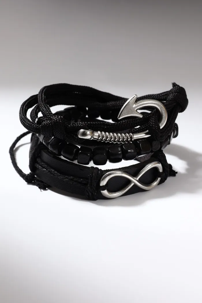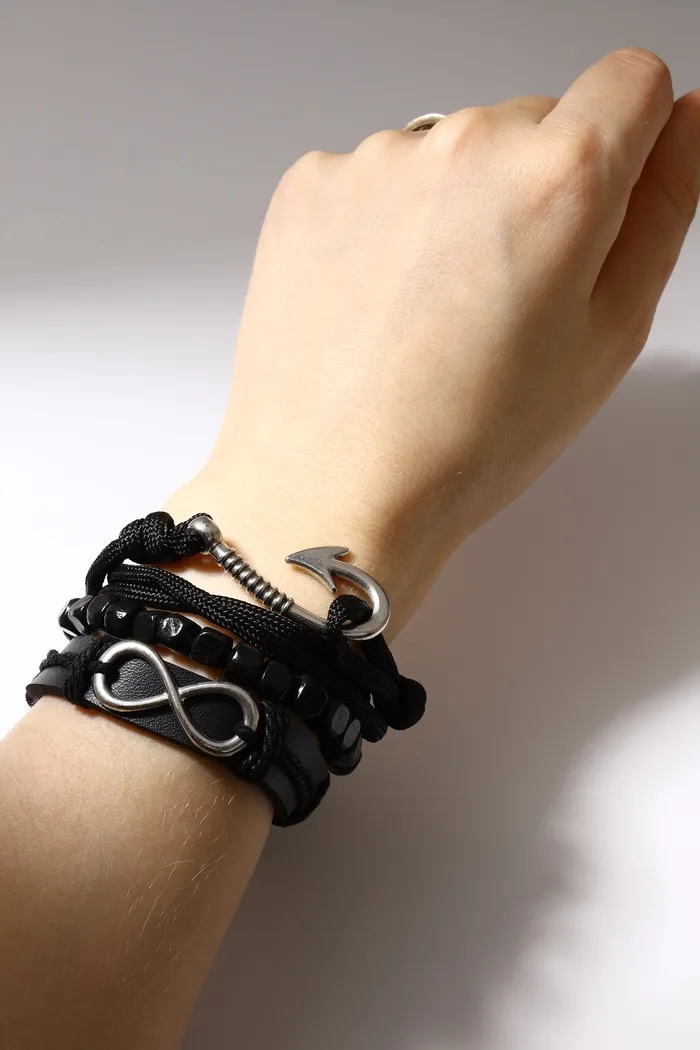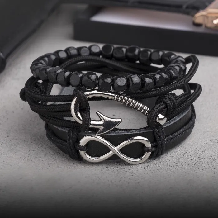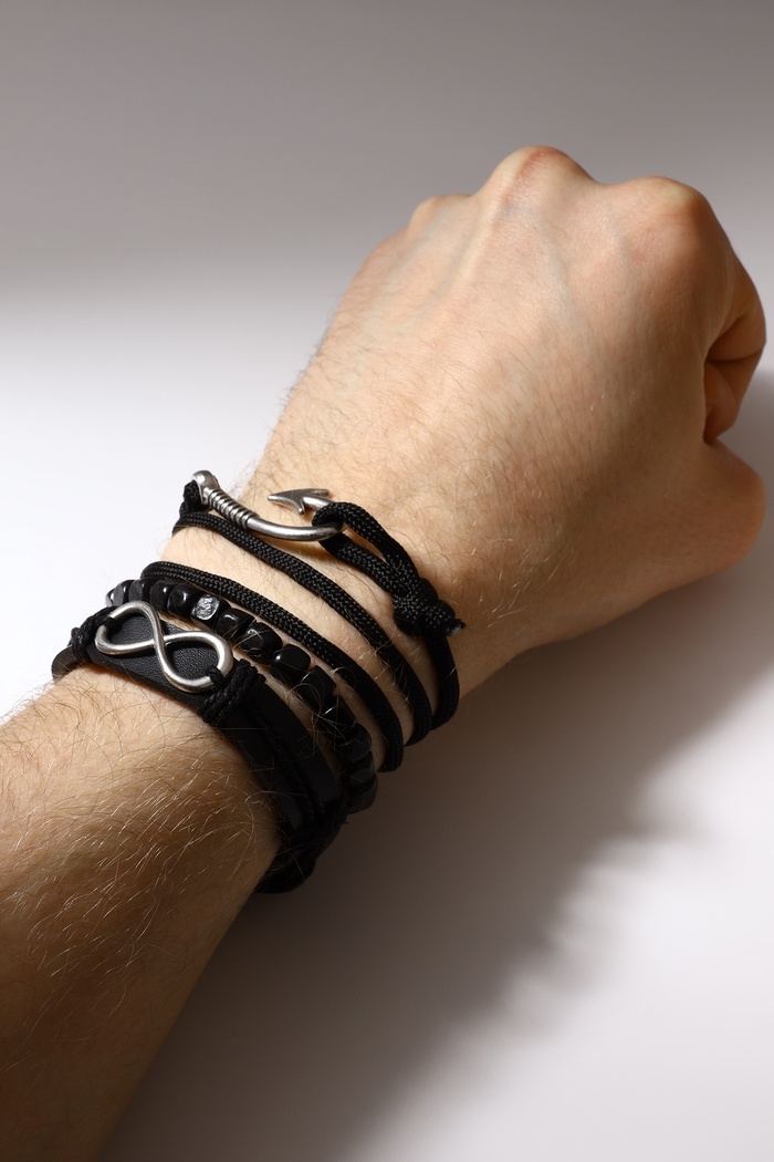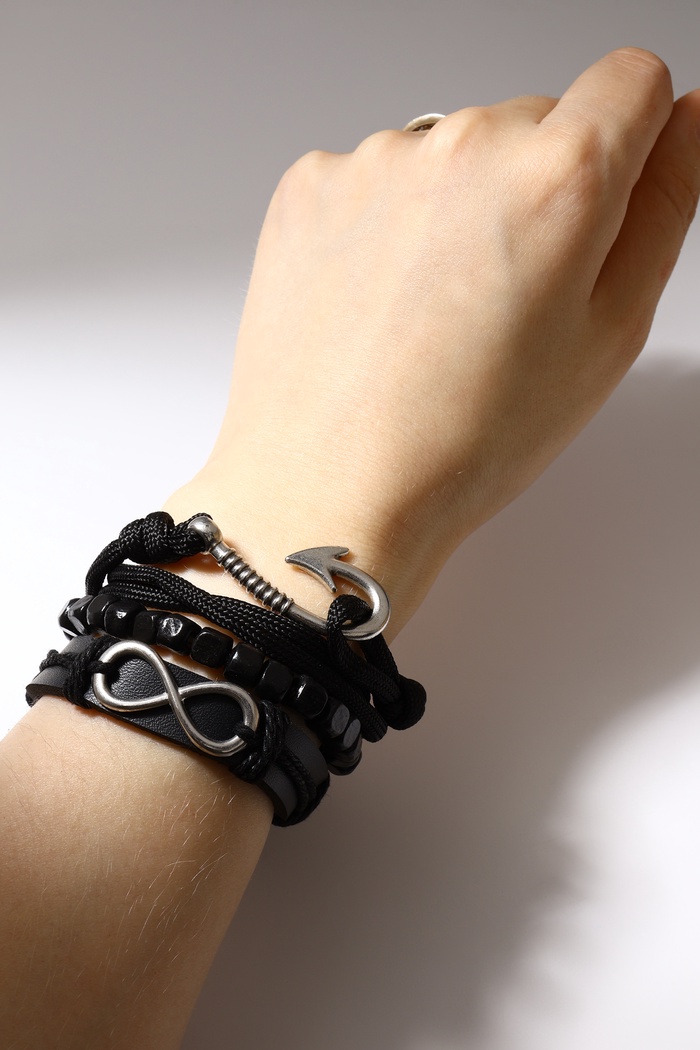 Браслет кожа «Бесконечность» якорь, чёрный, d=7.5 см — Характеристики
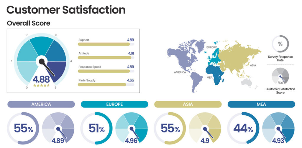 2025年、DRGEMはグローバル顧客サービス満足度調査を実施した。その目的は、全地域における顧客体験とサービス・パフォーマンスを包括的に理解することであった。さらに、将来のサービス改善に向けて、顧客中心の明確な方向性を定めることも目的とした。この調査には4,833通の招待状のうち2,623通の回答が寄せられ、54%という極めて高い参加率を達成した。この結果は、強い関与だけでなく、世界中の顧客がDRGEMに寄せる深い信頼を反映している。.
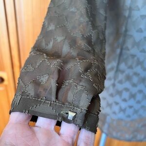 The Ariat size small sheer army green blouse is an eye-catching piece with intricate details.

::::::::::

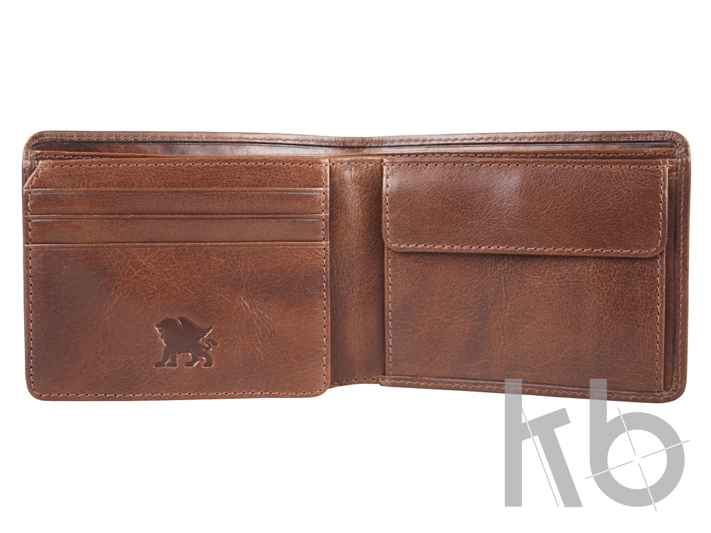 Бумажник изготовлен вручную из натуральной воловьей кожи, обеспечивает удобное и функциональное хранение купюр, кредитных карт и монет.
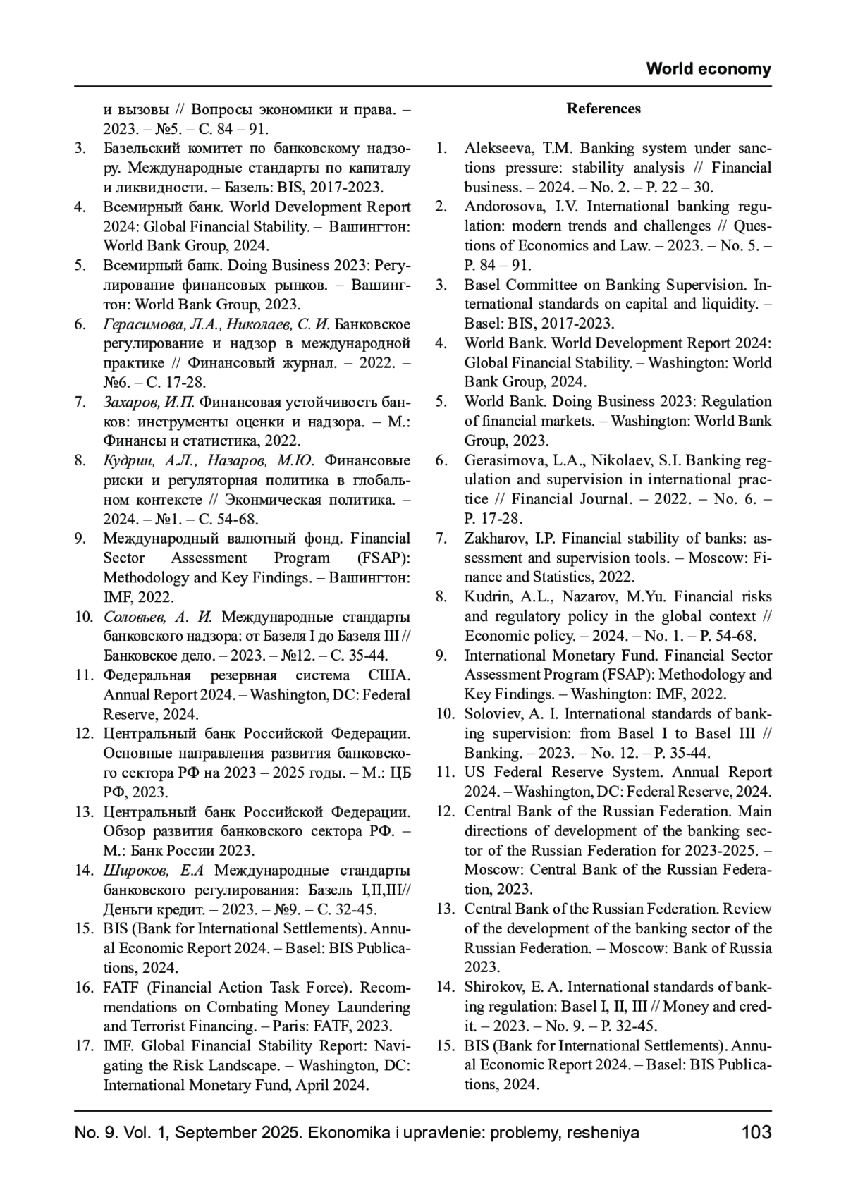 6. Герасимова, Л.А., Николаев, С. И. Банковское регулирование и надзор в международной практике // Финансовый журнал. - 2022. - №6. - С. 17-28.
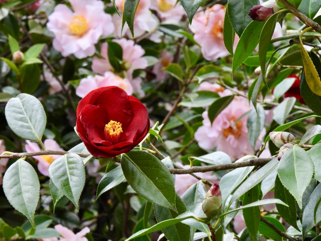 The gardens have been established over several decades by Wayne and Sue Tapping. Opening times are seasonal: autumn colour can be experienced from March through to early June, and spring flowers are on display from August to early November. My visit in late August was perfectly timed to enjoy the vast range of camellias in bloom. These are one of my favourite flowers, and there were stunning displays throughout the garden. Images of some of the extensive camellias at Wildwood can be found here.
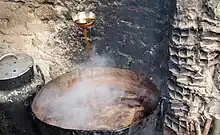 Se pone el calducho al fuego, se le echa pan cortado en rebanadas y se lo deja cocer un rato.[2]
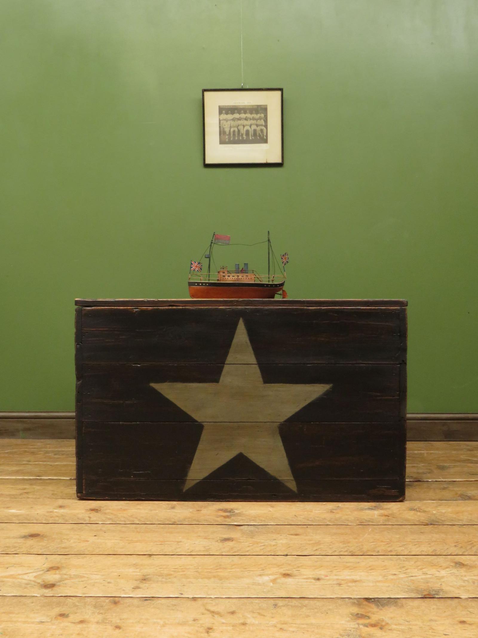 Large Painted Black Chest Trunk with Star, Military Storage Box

::::::::::

Beginning with the line above that contains "Бумажник изготовлен вручную" and ending with the line that contains "Large Painted Black", quote each line exactly, keeping out the pictures.

■ Exercise response
 Бумажник изготовлен вручную из натуральной воловьей кожи, обеспечивает удобное и функциональное хранение купюр, кредитных карт и монет.
 6. Герасимова, Л.А., Николаев, С. И. Банковское регулирование и надзор в международной практике // Финансовый журнал. - 2022. - №6. - С. 17-28.
 The gardens have been established over several decades by Wayne and Sue Tapping. Opening times are seasonal: autumn colour can be experienced from March through to early June, and spring flowers are on display from August to early November. My visit in late August was perfectly timed to enjoy the vast range of camellias in bloom. These are one of my favourite flowers, and there were stunning displays throughout the garden. Images of some of the extensive camellias at Wildwood can be found here.
 Se pone el calducho al fuego, se le echa pan cortado en rebanadas y se lo deja cocer un rato.[2]
 Large Painted Black Chest Trunk with Star, Military Storage Box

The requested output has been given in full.